Data items:

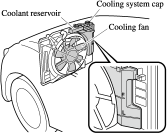If the cooling fan does not operate while the engine is running, the engine temperature will increase. Stop the engine and call an Authorized Mazda Dealer.
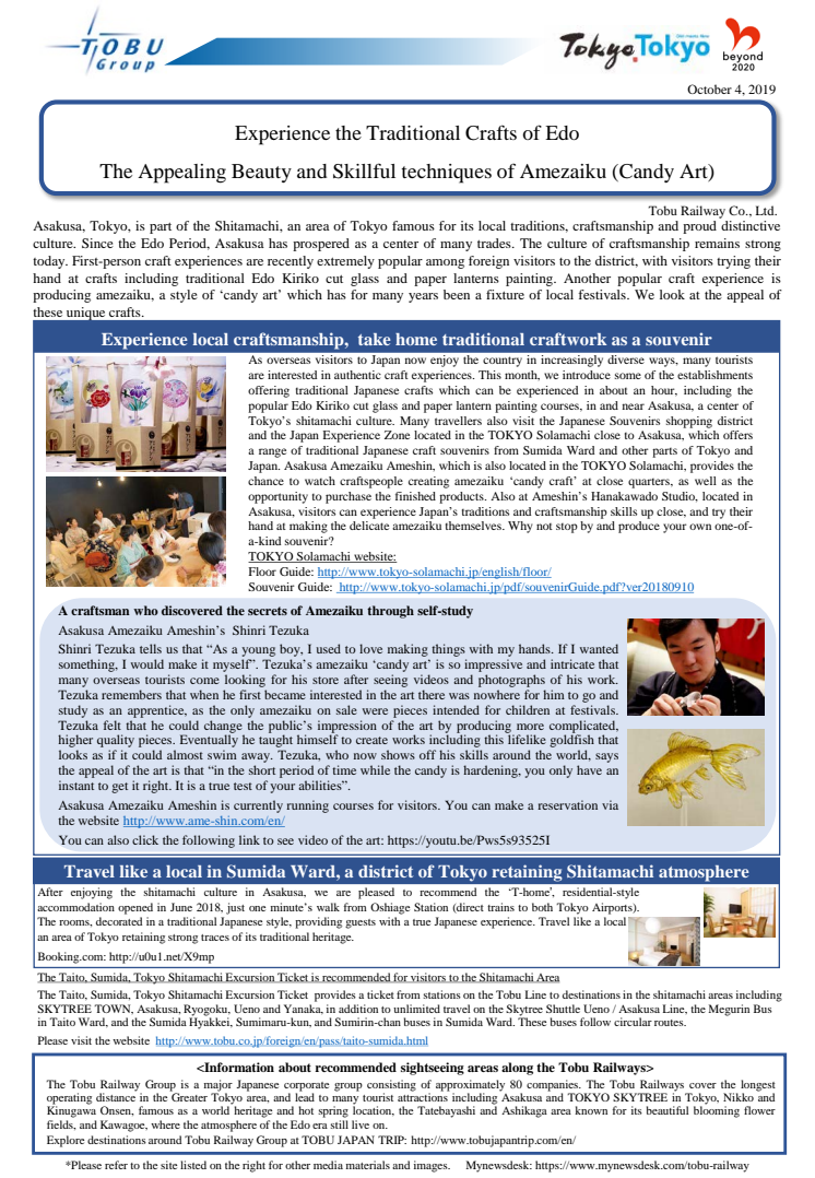 [English]Experience the Traditional Crafts of Edo The Appealing Beauty and Skillful techniques of Amezaiku(Candy Art)
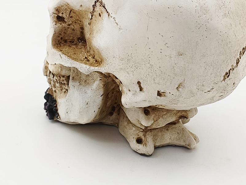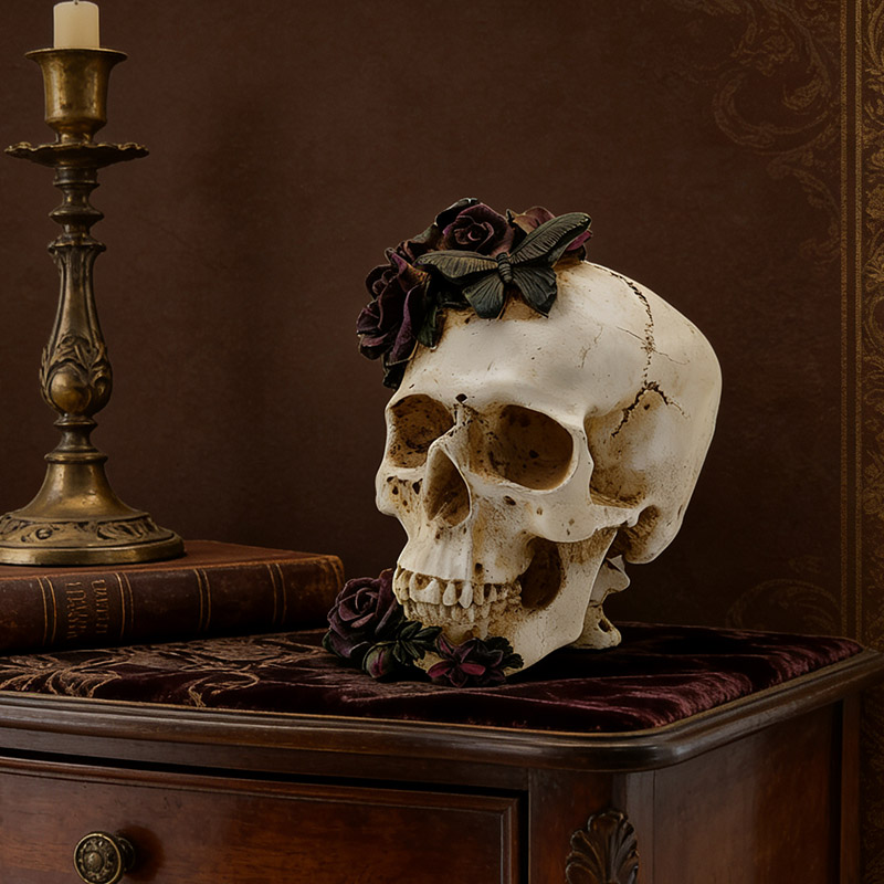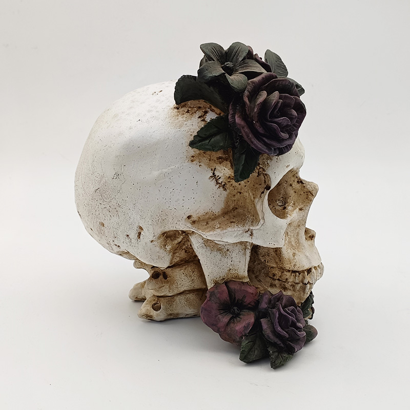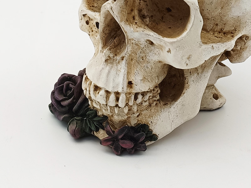 Bloemen en versieringen: Bovenop de schedel en bij de onderkaak bevinden zich driedimensionale dieppaarse rozen. De bloemblaadjes zijn duidelijk gelaagd en hebben een fijne textuur, die overgaat van dieppaars naar donkerroze. De textuur is zeer realistisch. Naast de rozen,
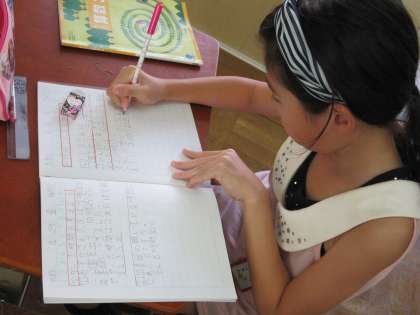 自分はどのように解いたのかを,みんなの前で発表したりしながら,学習を進めていました。
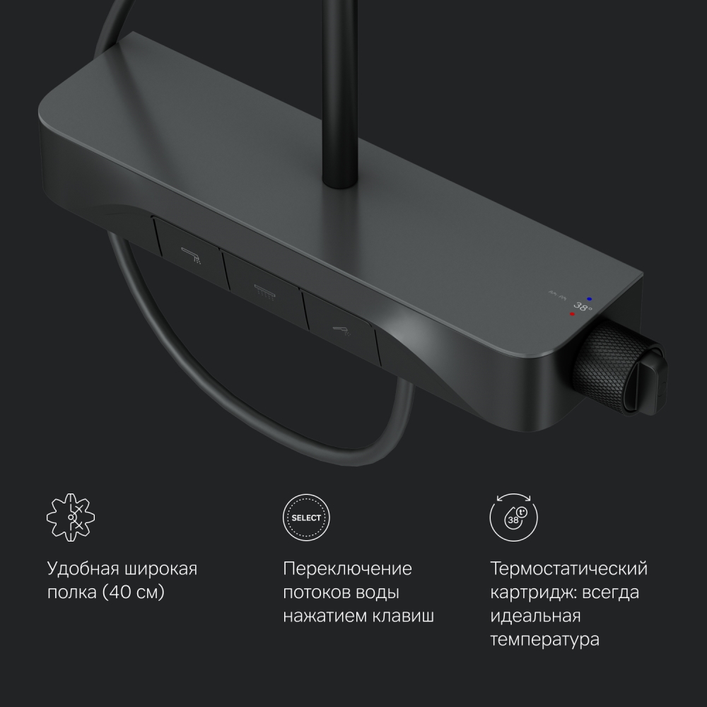 Еще больше места для хранения: смеситель выполнен в виде вместительной полочки. Внушительный размер полки (40 см.) позволяет хранить все любимые средства под рукой а эстетичный силуэт станет настоящим украшением современной ванной комнаты.
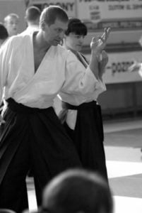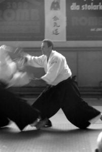 Na macie sensei Pomianowski potraktował temat aikido odmiennie i było nieco elementów, których na co dzień nie praktykujemy. Mam tu na myśli szczególnie wykończenia technik zaczerpnięte między innymi z brazylijskiego jiujitsu. Przyznam, że ten mariaż wypadł całkiem ciekawie.

Problem to solve:
Please return only the lines running from the line with "Bloemen en versieringen: Bovenop" to the final line of the data, both included, exactly and without any pictures.

Exercise solution:
 Bloemen en versieringen: Bovenop de schedel en bij de onderkaak bevinden zich driedimensionale dieppaarse rozen. De bloemblaadjes zijn duidelijk gelaagd en hebben een fijne textuur, die overgaat van dieppaars naar donkerroze. De textuur is zeer realistisch. Naast de rozen,
 自分はどのように解いたのかを,みんなの前で発表したりしながら,学習を進めていました。
 Еще больше места для хранения: смеситель выполнен в виде вместительной полочки. Внушительный размер полки (40 см.) позволяет хранить все любимые средства под рукой а эстетичный силуэт станет настоящим украшением современной ванной комнаты.
 Na macie sensei Pomianowski potraktował temat aikido odmiennie i było nieco elementów, których na co dzień nie praktykujemy. Mam tu na myśli szczególnie wykończenia technik zaczerpnięte między innymi z brazylijskiego jiujitsu. Przyznam, że ten mariaż wypadł całkiem ciekawie.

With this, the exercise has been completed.